I will sponsor a bill to create diverse commission charged with redesigning the Mississippi State flag. Legislators must shoulder this responsibility. The confederate flag is a part of Mississippi’s past and not its future. I truly believe that changing the flag will go a long way in eradicating the mindsets that foster intolerance, racism and discrimination.
I will sponsor bills that expand opportunities for small businesses and new industry development.
I will sponsor bills that address the disparity in sentencing, probation and parole on minorities. Specifically, I will sponsor a bill that will require that any amended or new criminal laws include a “racial impact statement” indicating the disparate impact that the new or amended law will have on minorities and children.

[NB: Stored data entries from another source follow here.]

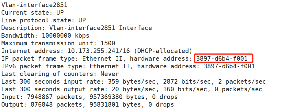 show int vlan 2851 显示出来的这个mac地址和设备的本身mac 有什么区别?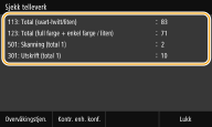 Du kan kontrollere separate totalsummer for antall sider brukt til fargeutskrifter og svart-hvitt-utskrifter. Disse totalsummene inkluderer fakser, rapporter og lister i tillegg til kopier og utskrifter av data fra datamaskiner.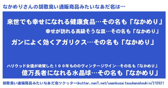 | 意味不明あだ名 | 『自称なかめり』『永久保存なかめり』 |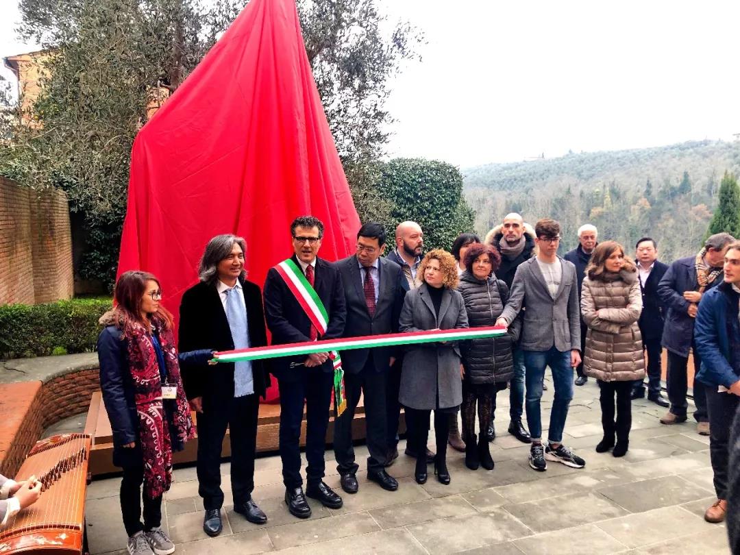 中国和意大利分处古丝绸之路两端。《超越时空的对话——达·芬奇与齐白石》雕塑第三次受到意大利重要艺术机构邀请,在意大利永久扎根,这是我国加强与“一带一路”沿线国家文化交流结下的又一硕果。“作品包含了深刻的寓意,在2020年中意两国建交50周年之际,落户达·芬奇的故乡,必将丰富我们城市的文化,进一步增进两国间的友谊。”芬奇市市长朱塞佩·托尔奇亚在雕塑揭幕现场高兴地说。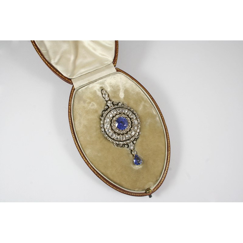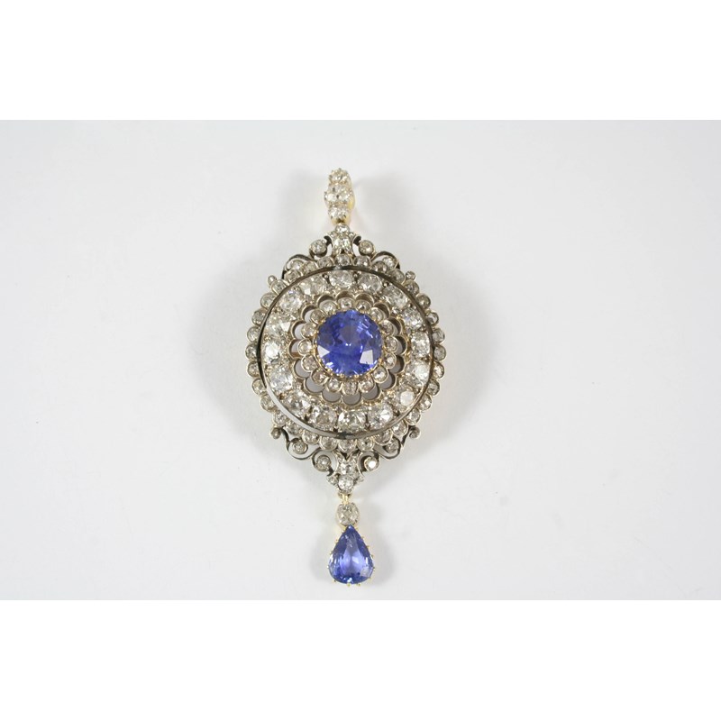 the central circular-cut sapphire is set within a surround of graduated cushion-shaped diamonds, suspending a pear-shaped sapphire drop, in silver and gold, 7.5cm. long.

I will sponsor bills that offer training and resource assistance for our public safety officials. Specifically, a bill that would require public safety funds for cities that police venues where State buildings and offices are located. I will also sponsor a bill which requires that all law enforcement certification programs in Mississippi include diversity and sensitivity training modules.
Q: What do you want voters to know about you that wasn’t previously addressed?
A: I want voters to know that I am a Christian. I want them to know that I am a man of integrity. They should know that I can be their voice in the Legislature – willing to stand up and to speak out as their advocate. I come from good stock. My father served in Germany during the Vietnam war and retired from the Mississippi National Guard. In 1972, he died of cancer after suffering with a bone cancer for 11 years. My mother has been the stronghold of our family. She honorably served House District 72 for nearly seven years before being elected as a circuit court judge. She is the first African American and the first woman elected to the circuit bench. Currently, she is the first African American and first woman to serve as the Senior Circuit judge in Hinds County after being on the bench for nearly 20 years. She is a phenomenal woman and she has taught my sister and I to seek God’s favor in all we do. My sister, Dr. Nikisha Green Ware is a dedicated educator and spent many years uplifting the community and developing programs that lowered the dropout rate and increased the success of young minority males.
I want the people to know that I am prepared to lead and ready to serve. But, they must get out and vote for me on Tuesday, Aug. 23, 2016 or I will be the best House District Representative that never was.